So explain to me again how you wake up next to a Brazilian model and I wake up next to a turkey sub? And a jar of grey poupon.
Just talked to the girl you brought home from the bar last night while she was looking for her panties. She said to tell you "nice try".
My mom just said we needed to put weed into our earthquake kit.
Rolling one last joint on my Psych textbook before trading it in. I might actually cry.
worst part about day drinking... waking up to george lopez
Ryab! Make hr wtop. Mshe make sme speee. I don want to pee. I want sev. He was so igbad. Redpo.
They got a 10 foot tall beach ball from the roof of a McDonalds.

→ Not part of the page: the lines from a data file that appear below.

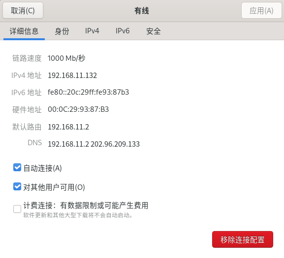 详细信息:显示网络连接信息的界面,“自动连接”与“对其他用户可用”全部勾选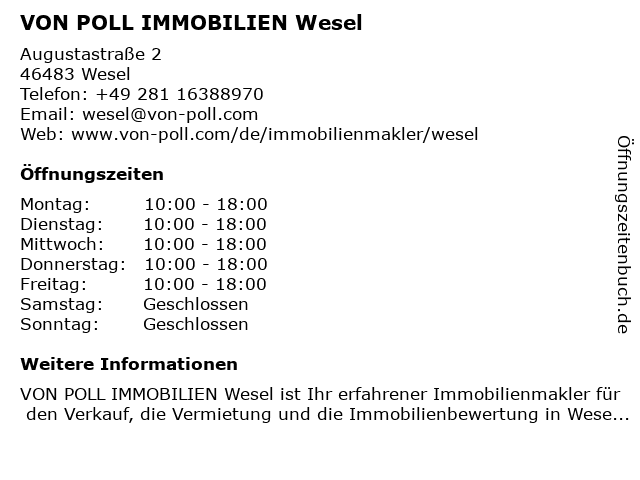 | Öffnungszeiten VON POLL IMMOBILIEN Wesel in Wesel anzeigen | |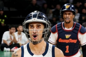 體育資訊1月25日訊 廣東外援薩姆納社媒更新,曬出了一張自己和奎因身穿護具打球的P圖。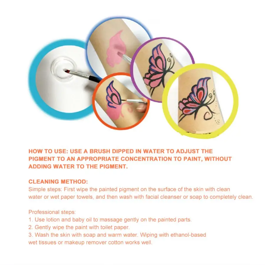 4. Подходит как для лица, так и для тела, водорастворимый пигмент, легко моется.

Get the fuck over here.
'Well you know, stuff happens' isn't really an excuse for sticking a cheeto in my ear
My nose hurts from that stripper beating me with her tits
I'm working on finding a bottomless situation. Both pants and mimosas.
Got done with class, now I'm buying MD 2020 with the ex. Sure feels like college.

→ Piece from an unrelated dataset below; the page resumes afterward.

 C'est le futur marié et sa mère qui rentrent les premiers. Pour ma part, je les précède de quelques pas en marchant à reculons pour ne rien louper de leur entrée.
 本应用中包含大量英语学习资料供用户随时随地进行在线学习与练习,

Owwwww. Yeah. I can barely move unless Im high on vicodin. We are bad at drinking/balancing. We will be the first to break hips and have to go into a home.
You need to be on (or possibly create) the international emoji committee to address all of these glaring oversights
I fucked a French man last night. 5 Times. Ashed my cig in his cactus. That later set on fire while we were having sex.
Do toy wanna orseer frim onedof tjose plaves? Sry textimg with globes on
Gloves*
Out of all the words to correct, you chose gloves??